>>>

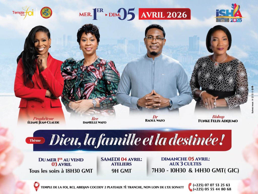 Nous te convions à notre programme annuel dédié à la famille, ISH et ISHA en abrégé ISH’A 2026. RDV au Temple de la Foi, à partir du Mercredi 1er Avril dès 18H30 GMT pour la grande ouverture de cet événement. AU PROGRAMME : Plénières - Temps de Célébration - Ateliers - Panels - Rencontres B to B - Partage et Communion fraternelle. Ne manque surtout pas ces moments si tu désires que Dieu intervienne dans ton couple, dans ton foyer, dans la vie de tes enfants et dans ta grande famille. CONTACT : (+225) 07 07 53 25 63 / 05 55 44 80 68
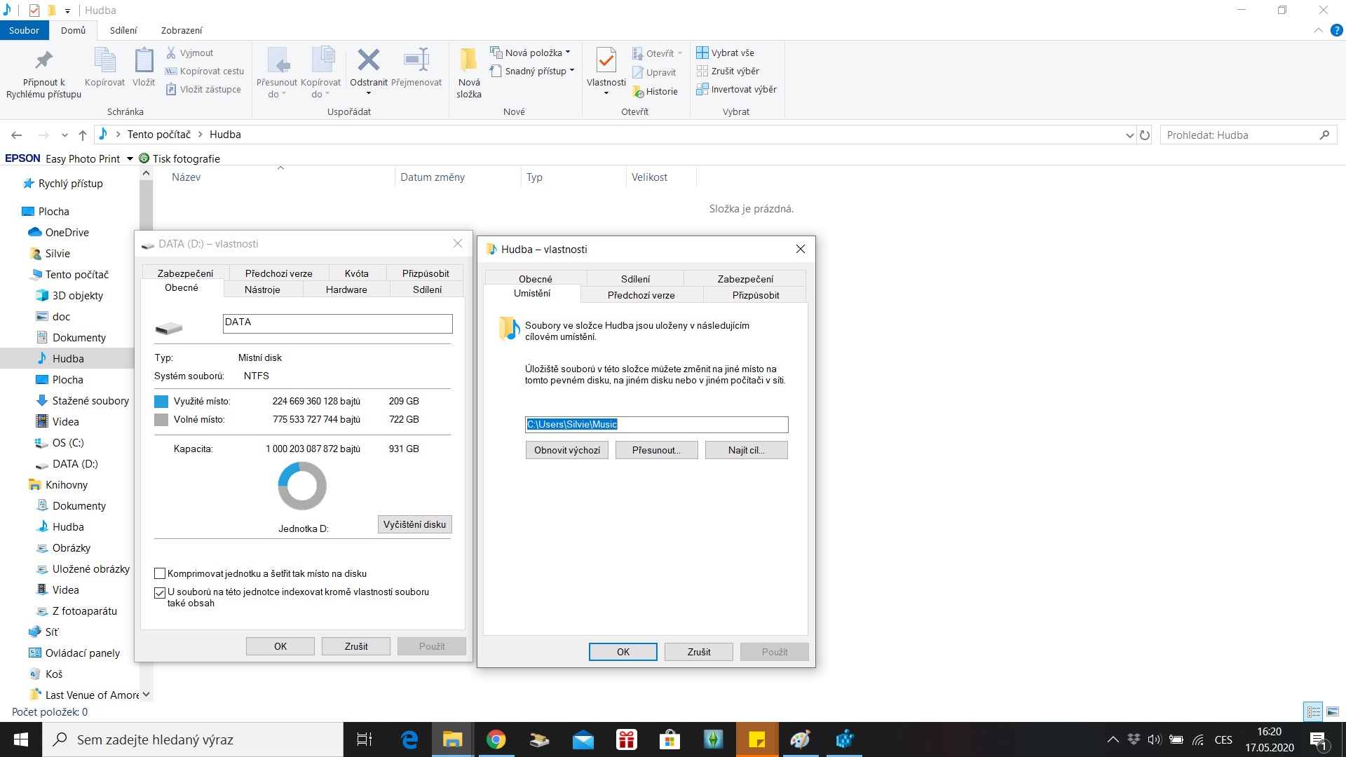 Hlavně už mi ale jde pracovat se složkou Hudba samostatně, to spojení s diskem D zmizelo
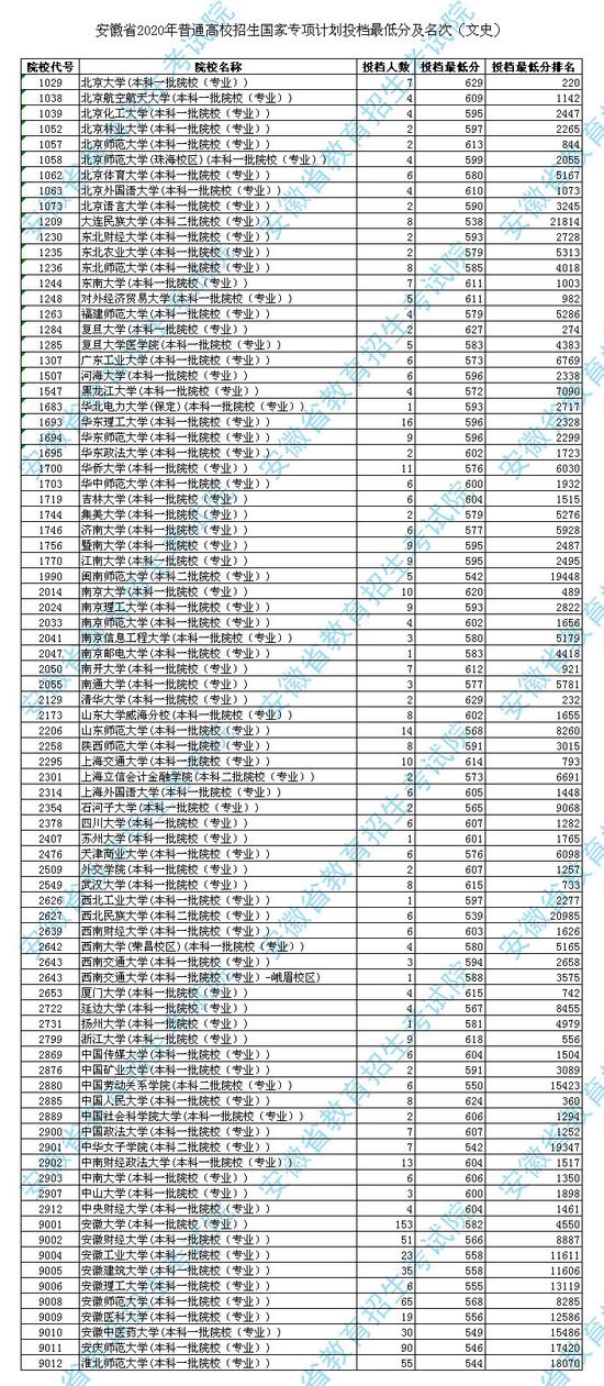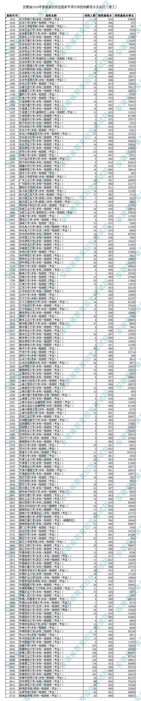 8月12日,安徽省教育招生考试院公布安徽省2020年普通高校招生国家专项计划投档分数及名次。

<<<

● **What the exercise asks**: Wherever a picture appears in the listing above, drop it, and restate the rest exactly.

● **Answer box**:
 Nous te convions à notre programme annuel dédié à la famille, ISH et ISHA en abrégé ISH’A 2026. RDV au Temple de la Foi, à partir du Mercredi 1er Avril dès 18H30 GMT pour la grande ouverture de cet événement. AU PROGRAMME : Plénières - Temps de Célébration - Ateliers - Panels - Rencontres B to B - Partage et Communion fraternelle. Ne manque surtout pas ces moments si tu désires que Dieu intervienne dans ton couple, dans ton foyer, dans la vie de tes enfants et dans ta grande famille. CONTACT : (+225) 07 07 53 25 63 / 05 55 44 80 68
 Hlavně už mi ale jde pracovat se složkou Hudba samostatně, to spojení s diskem D zmizelo
 8月12日,安徽省教育招生考试院公布安徽省2020年普通高校招生国家专项计划投档分数及名次。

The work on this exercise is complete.